No máximo, ele foi o infiel da balança que separava
aqueles que não conseguem distinguir esperteza malvadinha
de real inteligência e sensibilidade, e aqueles que
vêem o filme prestando atenção unicamente na história
contada daqueles que se interessam pela construção visual
da cena e do quadro. Sejamos diretos: jamais houve qualquer
real idéia visual em seu cinema, assim como seu trabalho
com atores é pífio, chamando atenção para si mesmo o
tempo todo e descambando muitas vezes no overacting
mais descarado. Oleanna, incensado por tantos,
talvez seja o melhor exemplo disso: uma peça “polêmica”

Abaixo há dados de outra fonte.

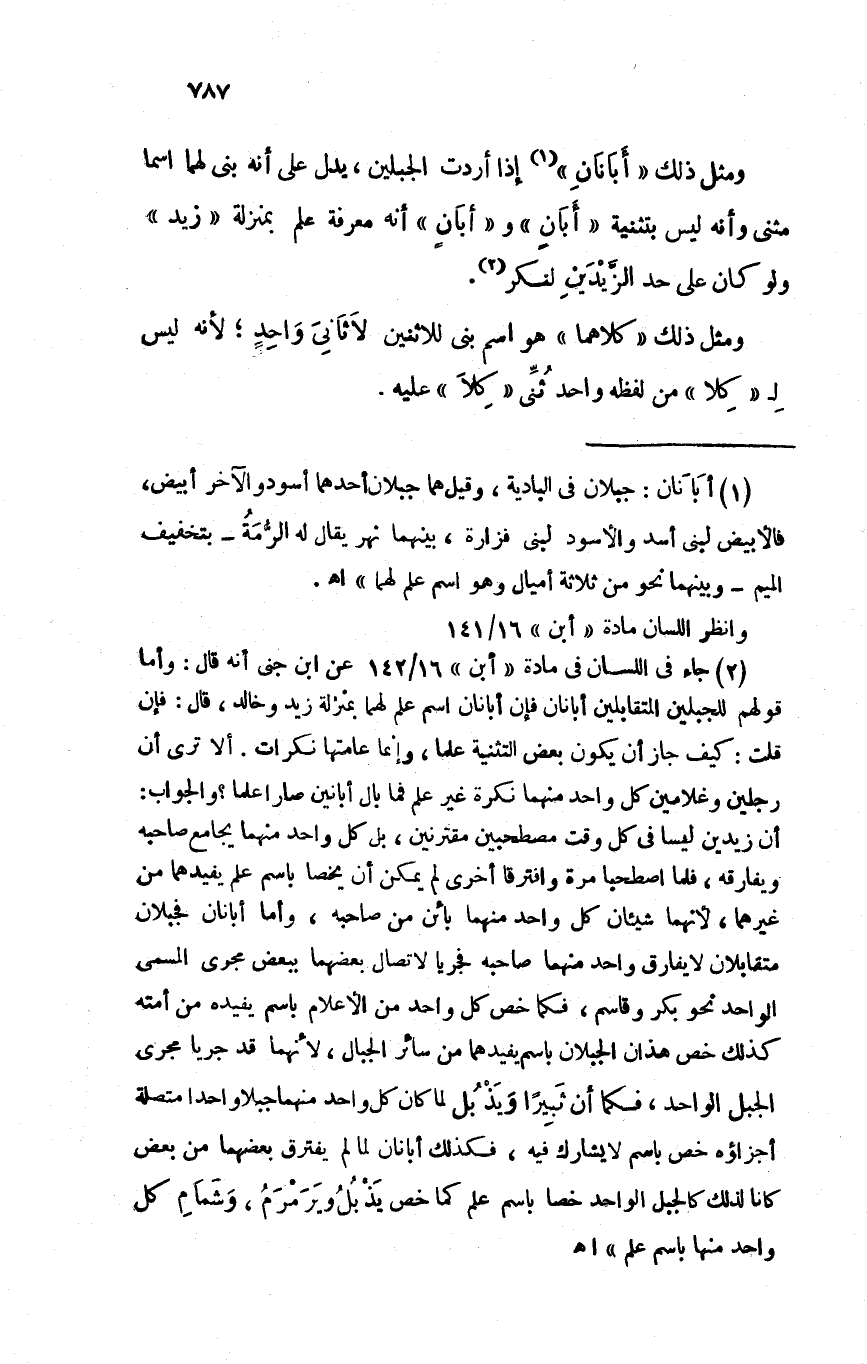 ومثل ذلك "أبانانِ" إذا أردت الجبلين، يدل على أنه بنى لهما اسما مثنى وأنه ليس بتثنية "أبانٍ" و"أبانٍ" أنه معرفة علم بمنزلة "زيد" ولو كان على حد الزيدين لنكر.

que se aproveita de temas ao calor da hora (assédio,
"excessos" do feminismo), vagabundamente adaptada
ao cinema (ou seja, o olhar da câmera sempre omisso
ou neutro), e, claro, o flerte com o profundo. O problema
é que não é com surpresas, viradas de roteiro e mecanismos
narrativos que se chega à verdade da alma. No máximo
se engana alguns ingênuos.
Com Cinturão Vermelho, nem isso. É claramente
um frankenstein, um filme de kickboxer, oops, de jiu-jitsu,
com o "toque" Mamet, ou seja, envergonhado
de ser vagabundo e comercial, cheio de deixas roteirísticas
que reaparecerão de forma insuspeita e detalhes que
rearranjarão a história mais à frente. O rebuscamento
rococó do roteiro contraria ridiculamente a trama, que
defende a simplicidade e a honra de um instrutor de
jiu-jitsu contra os crocodilos (praticamente todo o
resto do filme, de sua mulher aos organizadores de torneios
de luta) que só pensam em faturar passando por cima
das crenças e ideais dos outros. Não é só um caso de
contradição entre construção e relato, é a descrença
completa na história sendo contada que essa disritmia
ocasiona. Por momentos, a história exagera tanto no
peso da responsabilidade carregada pelo herói, quando
um de seus alunos se suicida e a esposa viúva o pune
pelo ato, que passa por nossa cabeça a possibilidade
de uma paródia auto-consentida. Ou simplesmente de algo
tão mal feito e mesquinho que nem vale a pena se aprofundar,
sob o risco de ser tragado na besteira retórica (verdadeiro
terreno desse Cinturão).
O engraçado é que aqueles que esperam um filme de luta
não verão luta, apenas jogos psicológicos orquestrados
maliciosamente para aterrar a sensibilidade do espectador;
aqueles que querem um filme de David Mamet se sentirão
enojados pelo aspecto popularesco da intriga (o que
é, err, bem-feito; aliás, quem mandou?); e aqueles que
esperam ver Rodrigo Santoro e Alice Braga despontando
nas telas americanas receberão apenas pontas de luxo
e, no caso do ator, alguns momentos de completa vergonha
alheia. Em suma, ainda que jamais se esperasse coisa
alguma de Mamet sob o ponto de vista da mise-en-scène,
até em seus próprios domínios Cinturão Vermelho
não é nada mais, nada menos que um desastre.